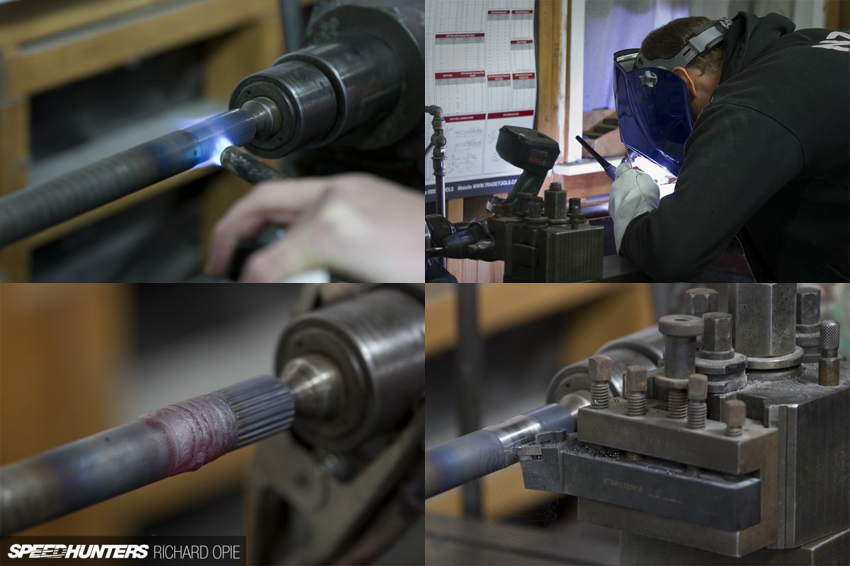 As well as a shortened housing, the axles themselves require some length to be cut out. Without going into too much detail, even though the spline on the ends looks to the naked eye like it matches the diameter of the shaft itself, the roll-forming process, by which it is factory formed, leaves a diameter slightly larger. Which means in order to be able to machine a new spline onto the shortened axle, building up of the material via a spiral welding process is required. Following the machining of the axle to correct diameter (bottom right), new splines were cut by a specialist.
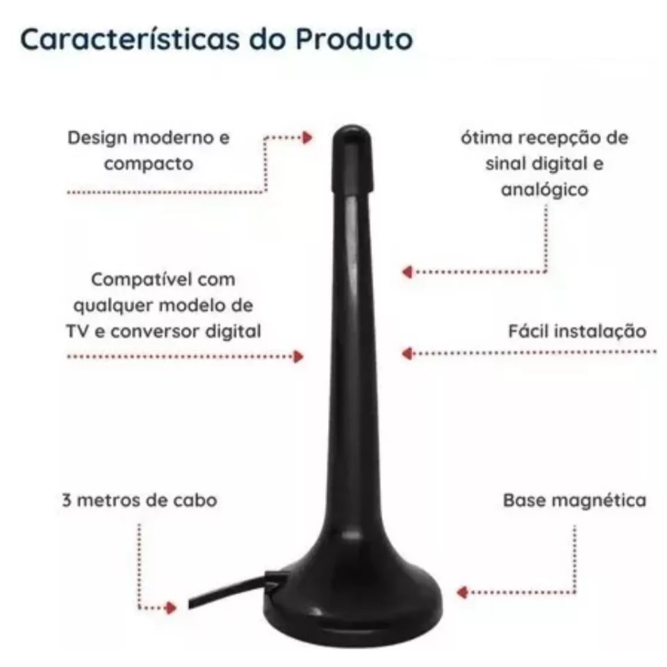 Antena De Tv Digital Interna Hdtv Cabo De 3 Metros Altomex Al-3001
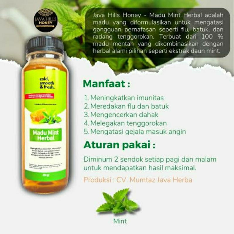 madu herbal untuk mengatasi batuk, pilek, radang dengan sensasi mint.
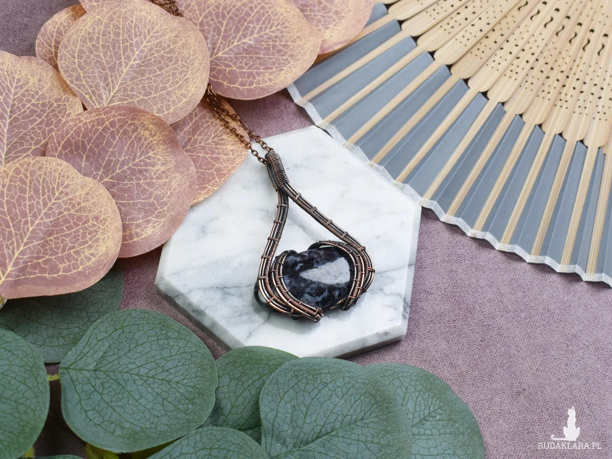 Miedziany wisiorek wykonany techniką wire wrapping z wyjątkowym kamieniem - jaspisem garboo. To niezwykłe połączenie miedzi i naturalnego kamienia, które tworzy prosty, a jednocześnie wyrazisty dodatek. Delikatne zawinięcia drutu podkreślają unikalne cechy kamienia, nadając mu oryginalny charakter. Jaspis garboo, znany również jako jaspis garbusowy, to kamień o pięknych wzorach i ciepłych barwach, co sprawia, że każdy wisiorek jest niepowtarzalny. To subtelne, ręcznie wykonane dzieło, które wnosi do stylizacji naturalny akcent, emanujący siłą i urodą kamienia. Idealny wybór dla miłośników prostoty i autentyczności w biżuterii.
---
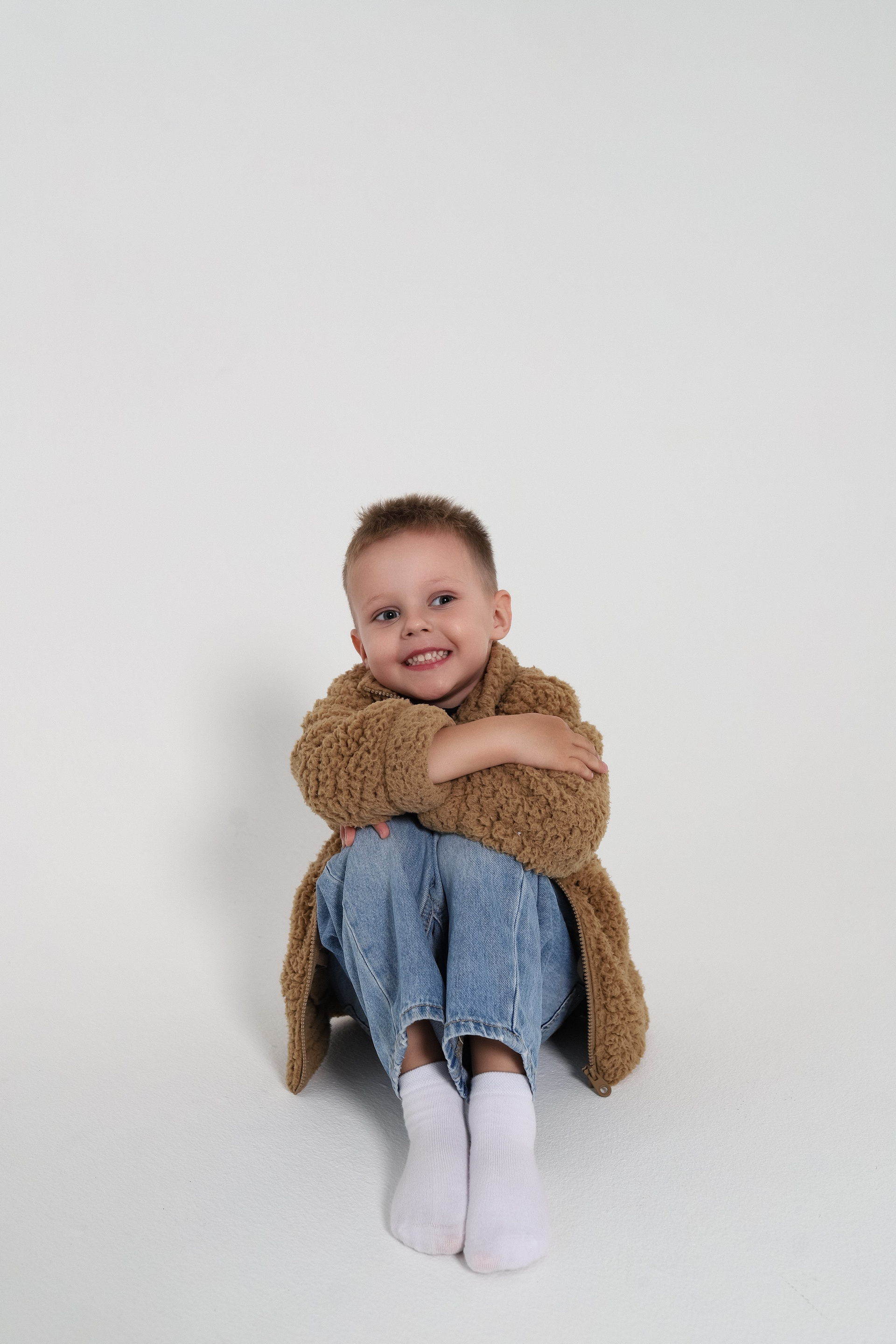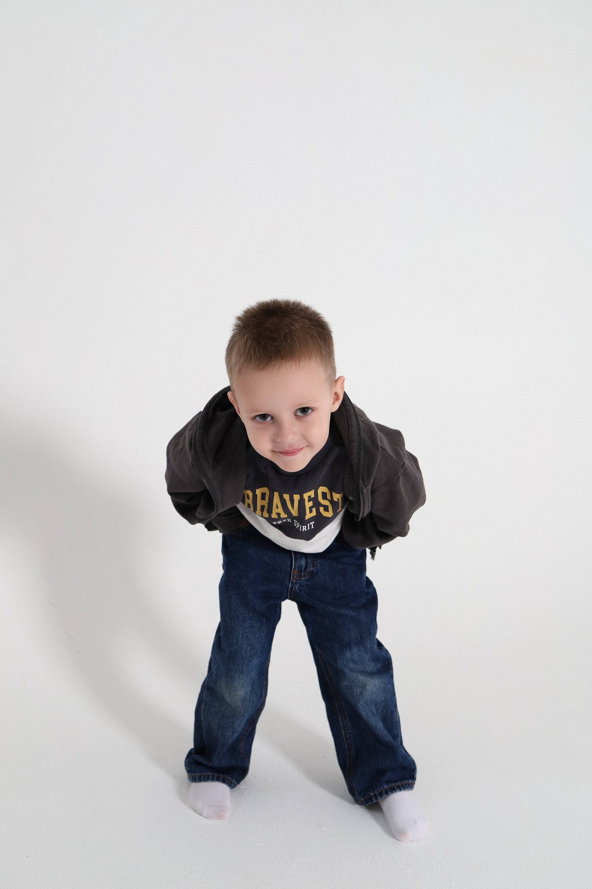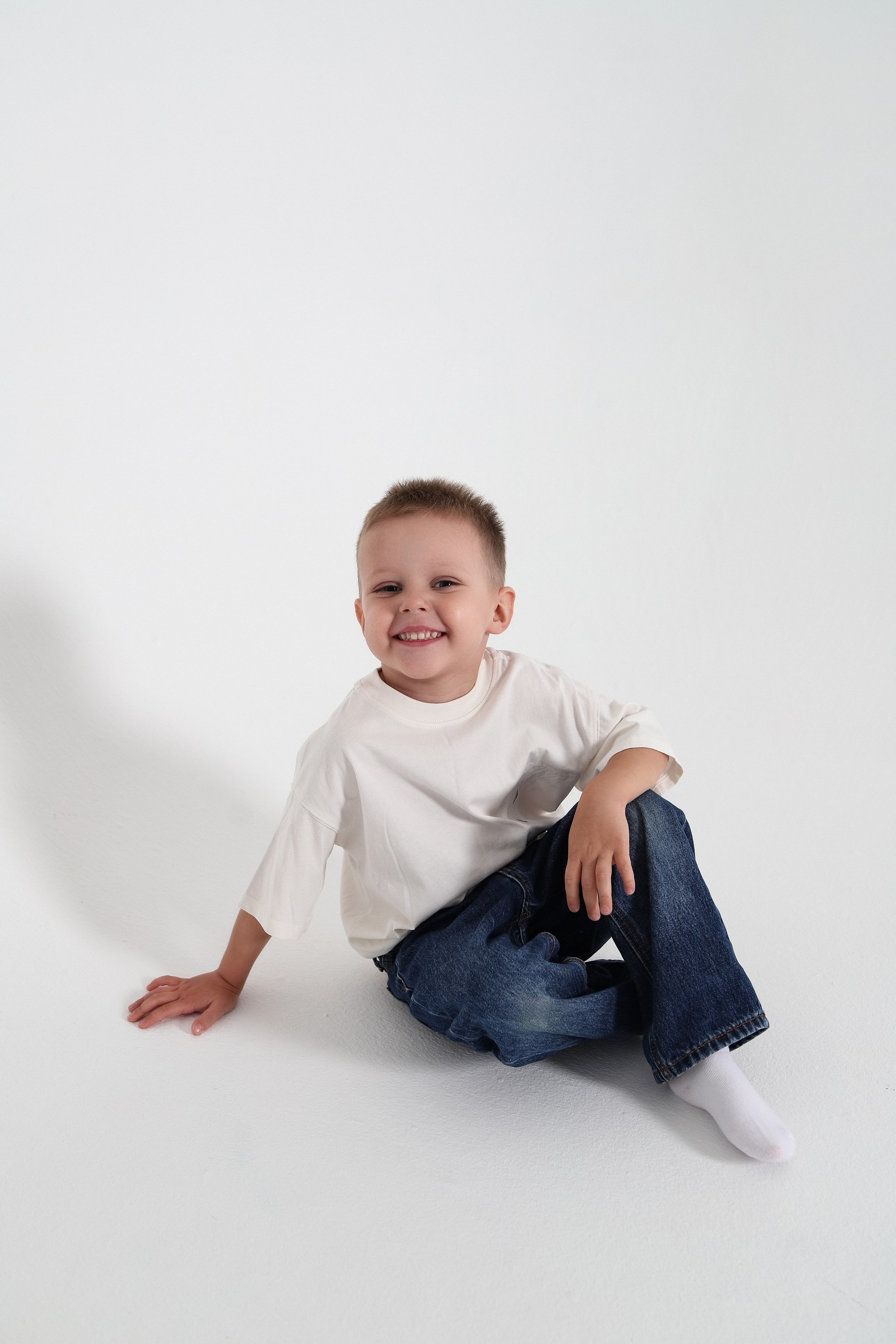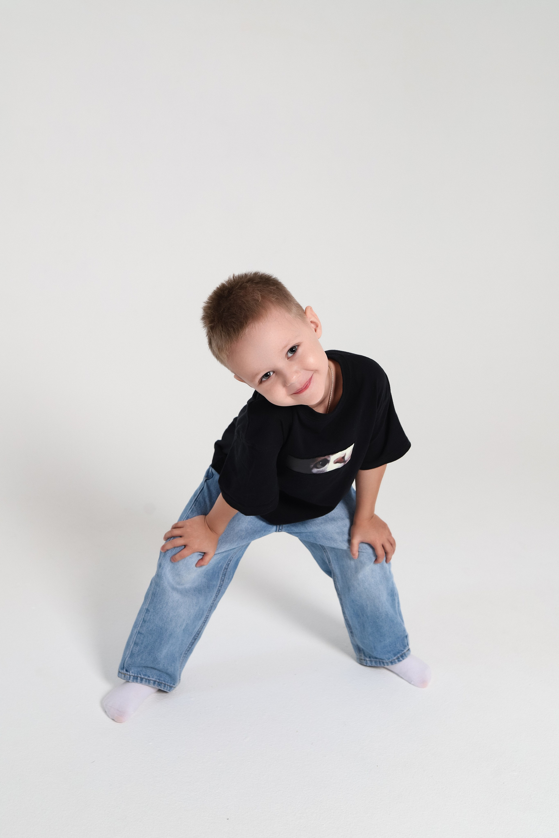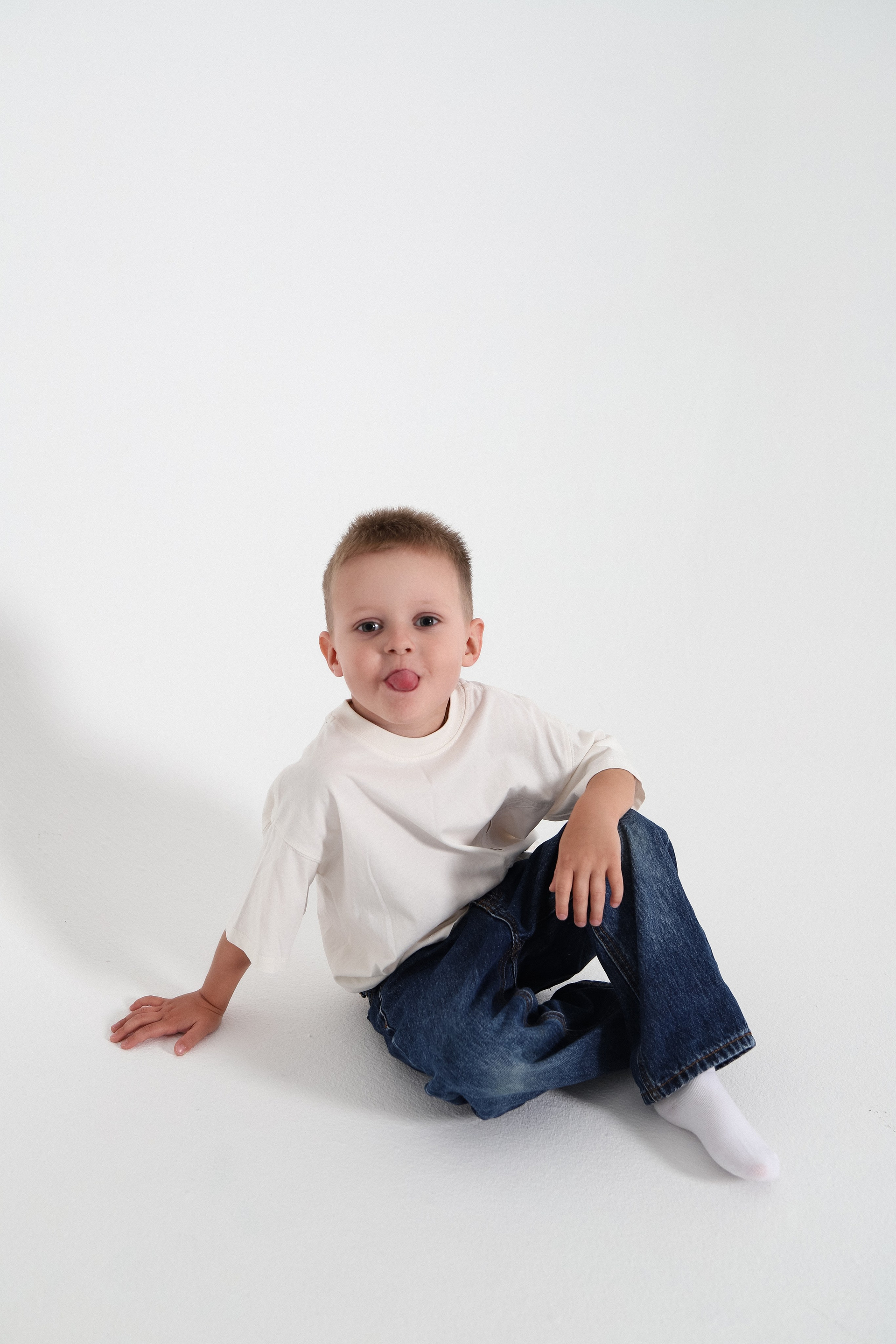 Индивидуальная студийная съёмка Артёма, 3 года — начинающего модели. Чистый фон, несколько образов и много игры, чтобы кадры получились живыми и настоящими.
==
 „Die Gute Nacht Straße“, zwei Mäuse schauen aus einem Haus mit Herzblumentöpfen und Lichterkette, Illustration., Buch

> **What the exercise asks**
In the data above, retype only the stretch from the line with "As well as a" through the line with "madu herbal untuk", word for word, and skip any pictures.

> **Written reply**
 As well as a shortened housing, the axles themselves require some length to be cut out. Without going into too much detail, even though the spline on the ends looks to the naked eye like it matches the diameter of the shaft itself, the roll-forming process, by which it is factory formed, leaves a diameter slightly larger. Which means in order to be able to machine a new spline onto the shortened axle, building up of the material via a spiral welding process is required. Following the machining of the axle to correct diameter (bottom right), new splines were cut by a specialist.
 Antena De Tv Digital Interna Hdtv Cabo De 3 Metros Altomex Al-3001
 madu herbal untuk mengatasi batuk, pilek, radang dengan sensasi mint.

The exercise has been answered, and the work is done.